Well, yeah, but you usually need a DB. So, if you’re going to be paying the OpEx costs of the DB either way, then you may as well understand it deeply in order to wring the most productive use you can out of each OpEx dollar/man-hour spent.

(I feel the same way about Redis, as it happens: if you need it, and are locking your code into its model anyway, then you may as well take advantage of its more arcane features, like Redis Streams, Lua scripting, etc.)

However, maybe our company is uncommon in how much our service literally is doing fancy complex DB queries that use tons of DB features. We’re a data analytics company. Even the frontend people know arcane SQL here :)

> that ties you in with that library

The difference between what you / apps / abstracting libraries do in Redis, and what they do in an SQL DB, is that in the DB, the shape of everything has to be explained in a vendor-neutral manner: SQL DDL.

Sometimes Redis-based solutions converge on conventional schemas; see e.g. Sidekiq’s informal schema, which several other queuing systems are implemented in terms of. But when they don’t, there’s nothing you can really do — beyond hacking on the libraries involved — to bring them into sync.

In an SQL DB, anything can be adapted into the expected shape of anything else, by defining SQL views. (Heck, in an SQL DB with Redis support, like Postgres with redis_fdw, the Redis data can be adapted into any shape you like using SQL views.)

And that’s further enabled by the fact that the DB had received from the app, through DDL, a schema, that you can examine, manipulate, and refactor; or even synthesize together with other schemas.

> you can't be assured that future versions of your DB would support those features

You can if those features are in the SQL standard. I’ve never heard of a DBMS regressing on its level of SQL standard support.

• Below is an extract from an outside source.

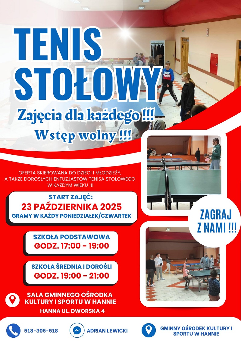 • Tenis stołowy – w każdy poniedziałek i czwartek.

> reasons for why everyone seems to have moved away from 1 big SQL database

I'm sure there are going to be other answers for the code side of things, but for ops:

Depends a lot on the size of the service, but in some cases: We got enough data that 1 big SQL store makes ops hard. (Took me 3 days to drop a table recently in a way that wouldn't affect the users) And splitting data became easier than before with specialised backends. (A sharded 2nd layer cache of live data seems way simpler to achieve than say 2 decades ago)


> monolithic large relational databases are hard to scale

DB2 on z/OS was able handle billions of queries per day.

In 1999.

Some greybeards took great delight in telling me this sometime around 2010 when I was visiting a development lab.

> When you have one large database with tons of interdependencies, it makes migrating data, and making schema changes much harder.

Another way to say this is that when you have a tool ferociously and consistently protecting the integrity of all your data against a very wide range of mistakes, you have to sometimes do boring things like fix your mistakes before proceeding.

> In theory better application design would have separate upstream data services fetch the resources they are responsible for.

A join in the application is still a join. Except it is slower, harder to write, more likely to be wrong and mathematically guaranteed to run into transaction anomalies.

I think non-relational datastores have their place. Really. There are certain kinds of traffic patterns in which it makes sense to accept the tradeoffs.

But they are few. We ought to demand substantial, demonstrable business value, far outweighing the risks, before being prepared to surrender the kinds of guarantees that a RDBMS is able to provide.